American murderer (1878–1930)

Eva Dugan (1878 – February 21, 1930) was a convicted murderer whose execution by hanging at the state prison in Florence, Arizona, resulted in her decapitation and influenced the state of Arizona to replace hanging with the lethal gas chamber as a method of execution.

==Early life==
Born in Salisbury, Missouri, in 1878, Dugan later married and had two children (a son and a daughter) but her husband abandoned the family, leaving them destitute. Dugan relocated to Juneau, Territory of Alaska, after trekking north during the Klondike Gold Rush of 1896–1899, and became a cabaret singer and worked as a prostitute to support herself and her children.
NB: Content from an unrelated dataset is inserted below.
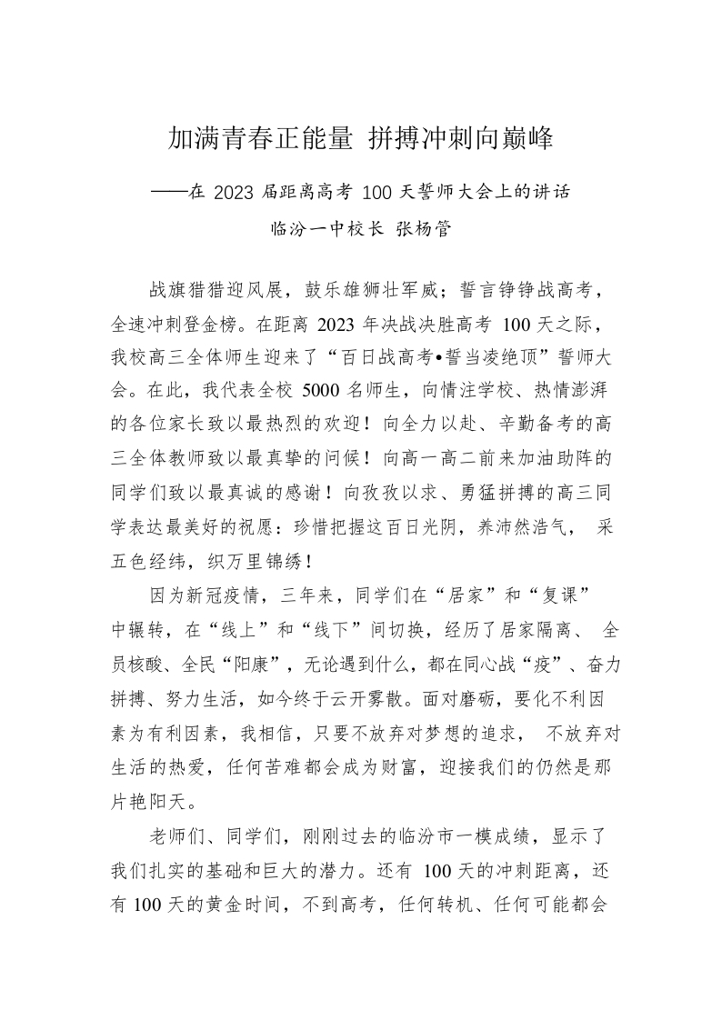 / 临汾一中校长张杨管:在2023届距离高考100天誓师大会上的讲话

Many years later, she moved to Pima County, Arizona, where she worked for an elderly chicken rancher, Andrew J. Mathis, as a housekeeper.

==Crime==
Dugan became a live-in housekeeper of Andrew J. Mathis, wealthy owner of a chicken ranch. Very quickly the employer/employee relationship became cantankerous. The two often bickered with each other because Mathis hated Dugan's cooking and was not satisfied with her work and Mathis was demanding, abrasive and difficult to get along with. Mathis fired Dugan and told her to leave his property by morning. The next morning, January 27, 1927, Mathis disappeared, as did some of his possessions, his Dodge coupe automobile, and his cash box. Neighbors reported that Dugan had tried to sell some of his possessions before she disappeared as well.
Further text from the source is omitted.